*** Opening GIVEN DATA ***

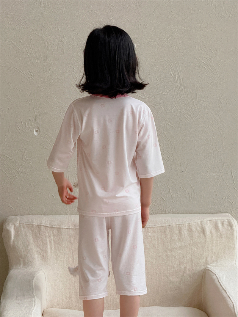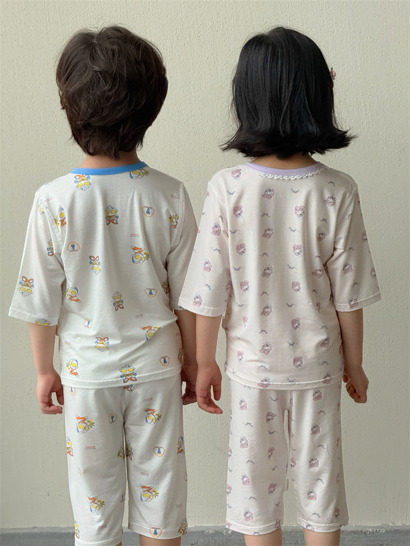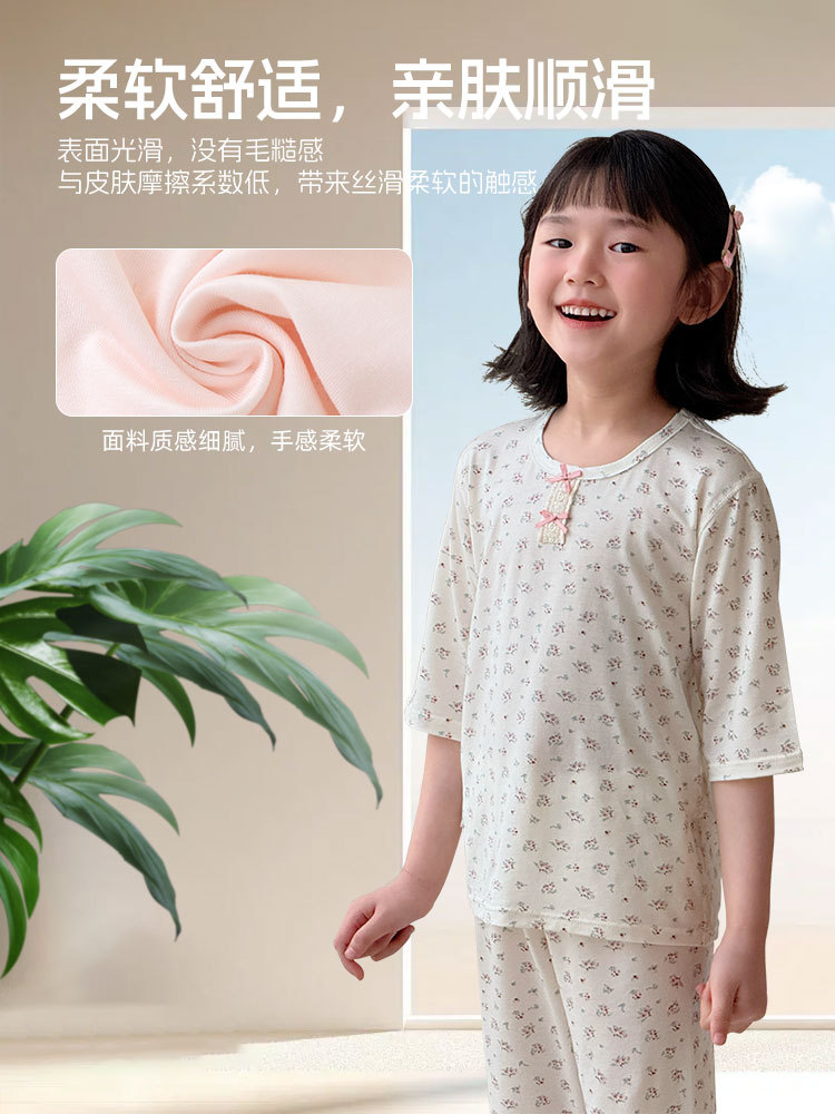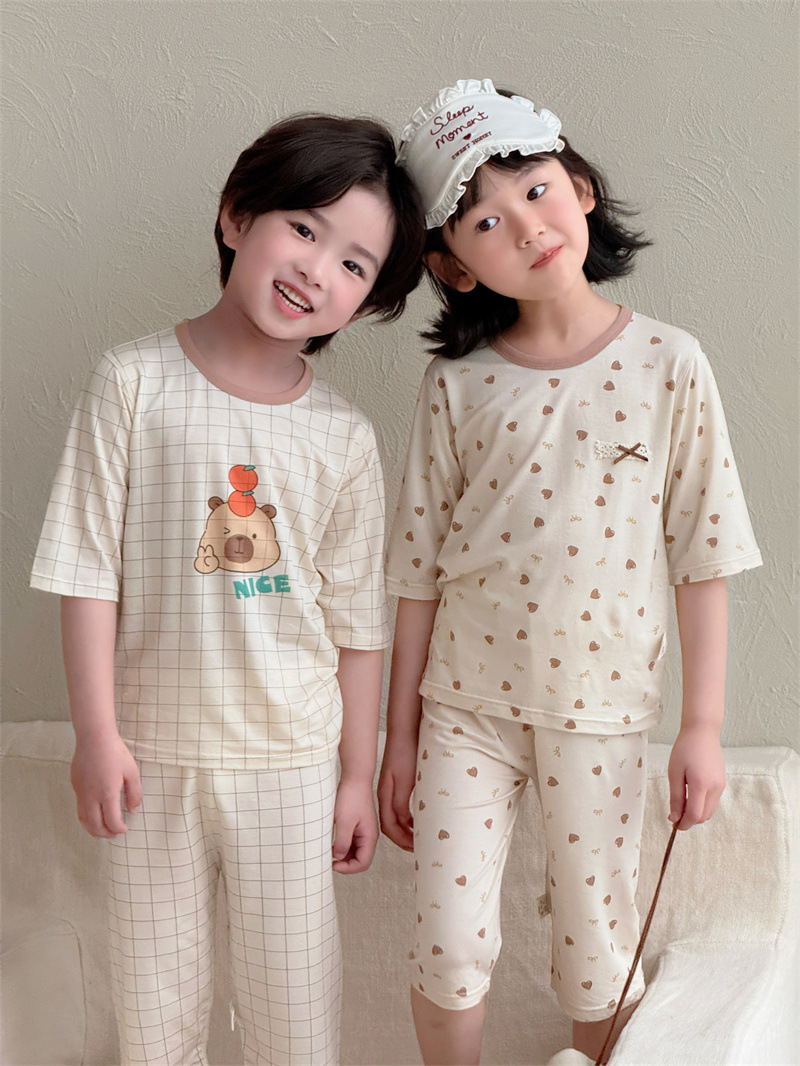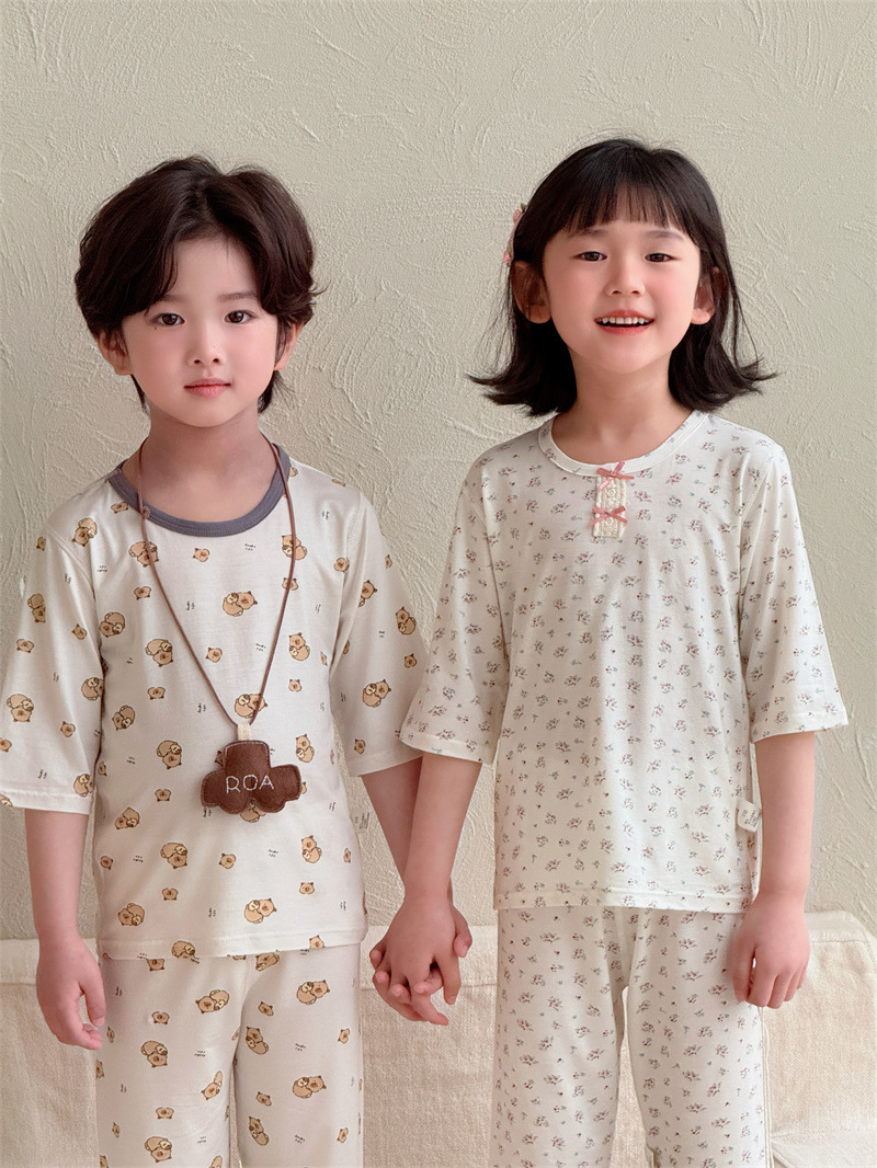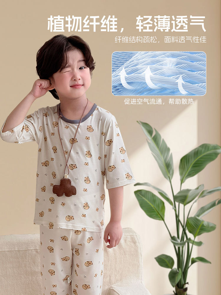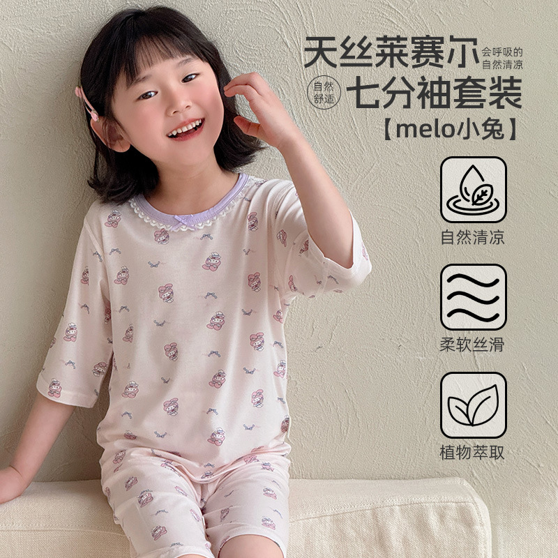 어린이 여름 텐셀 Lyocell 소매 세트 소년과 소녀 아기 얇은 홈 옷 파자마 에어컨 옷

*** Closing GIVEN DATA ***
*** Opening GIVEN DATA ***

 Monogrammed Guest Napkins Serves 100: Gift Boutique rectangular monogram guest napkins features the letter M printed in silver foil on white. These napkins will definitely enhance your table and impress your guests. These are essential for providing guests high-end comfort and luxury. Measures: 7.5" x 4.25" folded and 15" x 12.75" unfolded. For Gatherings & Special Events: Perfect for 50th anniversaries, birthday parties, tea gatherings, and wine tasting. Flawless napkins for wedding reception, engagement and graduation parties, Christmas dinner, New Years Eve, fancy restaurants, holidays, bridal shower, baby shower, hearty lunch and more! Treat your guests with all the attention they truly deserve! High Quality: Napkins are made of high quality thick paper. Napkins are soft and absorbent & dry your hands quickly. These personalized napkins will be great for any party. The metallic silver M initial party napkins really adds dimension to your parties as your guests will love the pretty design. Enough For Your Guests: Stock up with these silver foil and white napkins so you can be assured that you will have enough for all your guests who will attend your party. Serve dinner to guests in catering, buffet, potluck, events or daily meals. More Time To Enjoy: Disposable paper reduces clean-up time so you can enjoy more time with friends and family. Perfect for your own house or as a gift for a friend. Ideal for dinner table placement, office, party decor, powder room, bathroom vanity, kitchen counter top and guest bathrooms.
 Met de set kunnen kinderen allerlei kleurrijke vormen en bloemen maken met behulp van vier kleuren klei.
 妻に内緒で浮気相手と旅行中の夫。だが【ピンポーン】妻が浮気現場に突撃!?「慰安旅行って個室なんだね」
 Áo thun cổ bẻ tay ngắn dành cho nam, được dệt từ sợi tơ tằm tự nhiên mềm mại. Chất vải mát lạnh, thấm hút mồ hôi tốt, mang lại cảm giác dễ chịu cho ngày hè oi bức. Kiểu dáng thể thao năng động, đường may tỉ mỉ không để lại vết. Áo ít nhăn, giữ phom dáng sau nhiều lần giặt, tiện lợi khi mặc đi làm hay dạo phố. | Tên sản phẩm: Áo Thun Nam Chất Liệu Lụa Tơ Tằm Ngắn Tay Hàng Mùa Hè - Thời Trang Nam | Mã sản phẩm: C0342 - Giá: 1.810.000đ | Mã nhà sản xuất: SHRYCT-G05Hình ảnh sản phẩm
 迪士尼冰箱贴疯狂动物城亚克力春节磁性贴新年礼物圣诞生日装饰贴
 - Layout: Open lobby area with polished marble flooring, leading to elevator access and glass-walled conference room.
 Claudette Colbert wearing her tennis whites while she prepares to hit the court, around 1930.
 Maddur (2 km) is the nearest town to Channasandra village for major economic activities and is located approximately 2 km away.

*** Closing GIVEN DATA ***
*** Opening GIVEN DATA ***

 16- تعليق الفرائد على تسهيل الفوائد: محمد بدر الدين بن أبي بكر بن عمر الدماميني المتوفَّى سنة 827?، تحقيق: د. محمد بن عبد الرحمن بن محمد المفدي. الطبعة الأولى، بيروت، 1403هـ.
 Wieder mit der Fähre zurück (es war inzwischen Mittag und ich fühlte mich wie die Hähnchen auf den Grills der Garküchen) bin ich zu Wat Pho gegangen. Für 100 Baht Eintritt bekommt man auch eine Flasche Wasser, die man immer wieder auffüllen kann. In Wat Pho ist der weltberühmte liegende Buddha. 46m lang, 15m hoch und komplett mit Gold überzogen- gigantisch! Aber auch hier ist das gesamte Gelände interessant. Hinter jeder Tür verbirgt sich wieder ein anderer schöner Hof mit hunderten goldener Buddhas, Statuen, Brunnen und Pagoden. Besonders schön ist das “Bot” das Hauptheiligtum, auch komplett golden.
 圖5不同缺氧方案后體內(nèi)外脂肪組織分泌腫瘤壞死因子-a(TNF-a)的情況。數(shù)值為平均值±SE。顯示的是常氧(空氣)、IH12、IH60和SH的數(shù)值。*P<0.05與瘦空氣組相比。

*** Closing GIVEN DATA ***

=== WHAT IS REQUIRED ===
Beginning at the line above with "Áo thun cổ bẻ" and finishing at the line with "Claudette Colbert wearing", return each line exactly and return nothing else.

=== RESULT FOR THIS TASK ===
 Áo thun cổ bẻ tay ngắn dành cho nam, được dệt từ sợi tơ tằm tự nhiên mềm mại. Chất vải mát lạnh, thấm hút mồ hôi tốt, mang lại cảm giác dễ chịu cho ngày hè oi bức. Kiểu dáng thể thao năng động, đường may tỉ mỉ không để lại vết. Áo ít nhăn, giữ phom dáng sau nhiều lần giặt, tiện lợi khi mặc đi làm hay dạo phố. | Tên sản phẩm: Áo Thun Nam Chất Liệu Lụa Tơ Tằm Ngắn Tay Hàng Mùa Hè - Thời Trang Nam | Mã sản phẩm: C0342 - Giá: 1.810.000đ | Mã nhà sản xuất: SHRYCT-G05Hình ảnh sản phẩm
 迪士尼冰箱贴疯狂动物城亚克力春节磁性贴新年礼物圣诞生日装饰贴
 - Layout: Open lobby area with polished marble flooring, leading to elevator access and glass-walled conference room.
 Claudette Colbert wearing her tennis whites while she prepares to hit the court, around 1930.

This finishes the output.